Assigned task
Return, exactly and in full, the lines of the records below starting at the one with "箱やパッケージに入れて、ラッピング(紙帯・リボン等)をしてお届けします。" and ending at the one with "男浴衣3点セット 藍濃淡 縞 しじら織 SS 56", and no other lines.

Given entries
━━━
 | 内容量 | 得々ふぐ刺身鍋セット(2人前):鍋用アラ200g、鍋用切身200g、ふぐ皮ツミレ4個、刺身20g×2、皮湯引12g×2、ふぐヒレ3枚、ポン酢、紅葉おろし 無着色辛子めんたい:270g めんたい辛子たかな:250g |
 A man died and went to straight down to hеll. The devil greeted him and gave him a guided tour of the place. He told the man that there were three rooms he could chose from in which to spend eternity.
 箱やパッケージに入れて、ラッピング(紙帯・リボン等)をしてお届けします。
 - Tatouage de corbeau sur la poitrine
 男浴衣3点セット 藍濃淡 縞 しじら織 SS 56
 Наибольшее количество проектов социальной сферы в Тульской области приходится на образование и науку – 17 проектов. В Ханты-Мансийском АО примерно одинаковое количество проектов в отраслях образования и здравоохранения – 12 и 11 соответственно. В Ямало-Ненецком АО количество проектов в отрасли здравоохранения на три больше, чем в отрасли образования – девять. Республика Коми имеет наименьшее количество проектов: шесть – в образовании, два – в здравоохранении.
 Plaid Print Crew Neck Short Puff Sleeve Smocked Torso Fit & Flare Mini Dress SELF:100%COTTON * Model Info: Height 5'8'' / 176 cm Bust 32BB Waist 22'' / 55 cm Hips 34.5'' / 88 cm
━━━
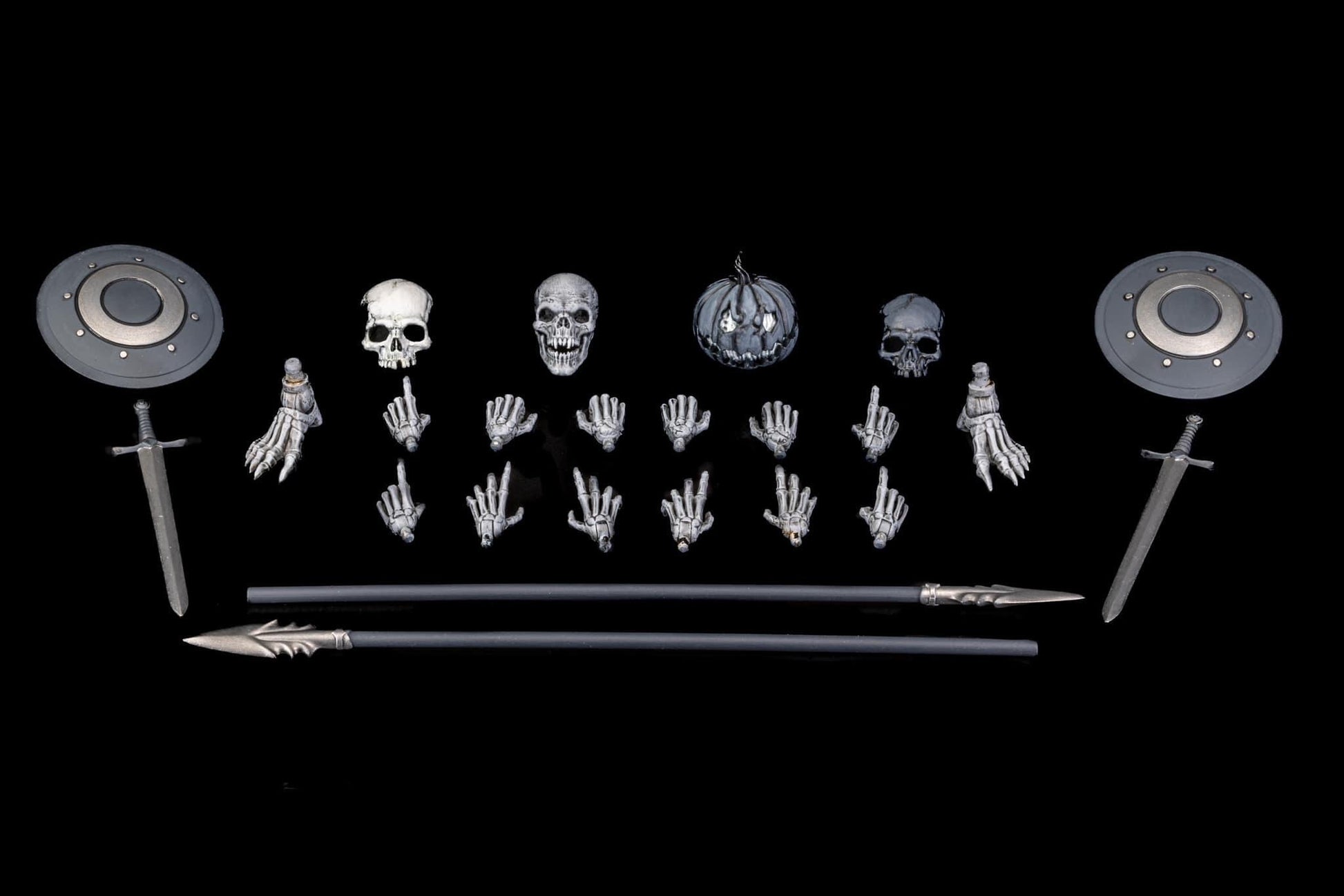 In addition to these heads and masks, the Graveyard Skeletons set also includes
━━━
Task response
 箱やパッケージに入れて、ラッピング(紙帯・リボン等)をしてお届けします。
 - Tatouage de corbeau sur la poitrine
 男浴衣3点セット 藍濃淡 縞 しじら織 SS 56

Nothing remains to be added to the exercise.